─── MATERIAL FOR THE TASK ───

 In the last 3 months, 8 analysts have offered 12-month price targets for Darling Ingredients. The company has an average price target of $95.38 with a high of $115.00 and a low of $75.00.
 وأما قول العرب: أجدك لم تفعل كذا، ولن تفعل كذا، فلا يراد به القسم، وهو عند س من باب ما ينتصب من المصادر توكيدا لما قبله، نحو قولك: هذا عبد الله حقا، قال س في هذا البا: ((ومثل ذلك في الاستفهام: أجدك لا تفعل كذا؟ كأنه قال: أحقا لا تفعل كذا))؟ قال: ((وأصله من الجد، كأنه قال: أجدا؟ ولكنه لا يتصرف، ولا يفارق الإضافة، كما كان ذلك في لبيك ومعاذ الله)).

───
─── MATERIAL FOR THE TASK ───

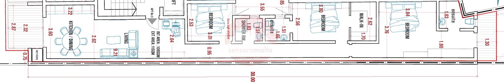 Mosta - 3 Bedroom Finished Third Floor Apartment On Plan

───

WHAT IS EXPECTED
With the line holding "In the last" as the first and the line holding "وأما قول العرب: أجدك" as the last, please transcribe exactly the lines of the material above in that range and nothing else.

EXPECTED ANSWER
 In the last 3 months, 8 analysts have offered 12-month price targets for Darling Ingredients. The company has an average price target of $95.38 with a high of $115.00 and a low of $75.00.
 وأما قول العرب: أجدك لم تفعل كذا، ولن تفعل كذا، فلا يراد به القسم، وهو عند س من باب ما ينتصب من المصادر توكيدا لما قبله، نحو قولك: هذا عبد الله حقا، قال س في هذا البا: ((ومثل ذلك في الاستفهام: أجدك لا تفعل كذا؟ كأنه قال: أحقا لا تفعل كذا))؟ قال: ((وأصله من الجد، كأنه قال: أجدا؟ ولكنه لا يتصرف، ولا يفارق الإضافة، كما كان ذلك في لبيك ومعاذ الله)).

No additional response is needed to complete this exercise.